My greatest discomfort arose from my being compelled to remain always in one position. With my leg in a plaster-cast, in which were two windows through which my wounds were observed and dressed, and securely fastened in a cradle, I was compelled to remain on my back and could move only my upper body without assistance. At first I found this desperately irksome, but I gradually became accus

tomed to it. I was greatly helped by a simple device which I thought at the time a great blessing; I have never seen it elsewhere, and wonder why. In the wall about eight feet above the head of each bed was set a stout iron bracket, a bracket strong enough to bear the weight of a heavy man. From the end of

the bracket, about thirty inches from the wall, hung a rope, perhaps five feet long; a handle-bar with a hole in it, through which the rope passed, enabled one to adjust the handle at any height desired above the bed. A knot at the end of the rope prevented the handle slipping off and fixed the lower limit of its travel, but it could be adjusted by another knot at any higher point desired. The primary object of this device, which was called a pulley, was to enable the patient to lift himself up in bed without subjecting his lower body to strain of any kind.
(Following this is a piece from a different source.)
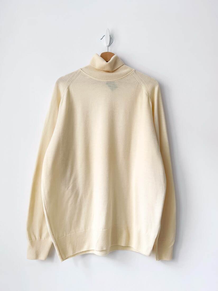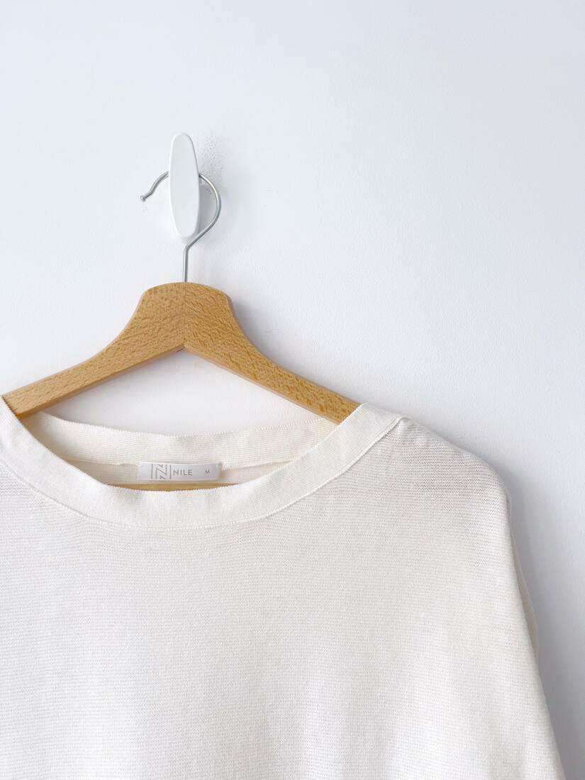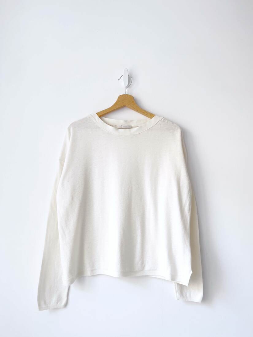 Cienki sweterek o luźnym kroju. Wykonany z bawełny z dodatkiem jedwabiu. Rozmiar z metki M, będzie pasować również na L. Bardzo dobry stan.

But it had many other purposes. From it one could hang one's newspaper, or watch, or handkerchief, and it served also as a harmless plaything. Have you seen a kitten play with a ball of wool? In like manner have I seen great men relieve the monotony with their pulley, spinning it, swinging it, sliding the handle up and down, for hours at a time.

Without suggesting that I was in any way a conspicuous person in the ward, I am bound to say that my fellow patients treated me as a "toff" - in other words, a swell. This was due solely to the fact that I had a watch. Such a possession in a public ward of a London hospital is like keeping a carriage or a gig; to use Carlyle's word, it is a mark of respectability.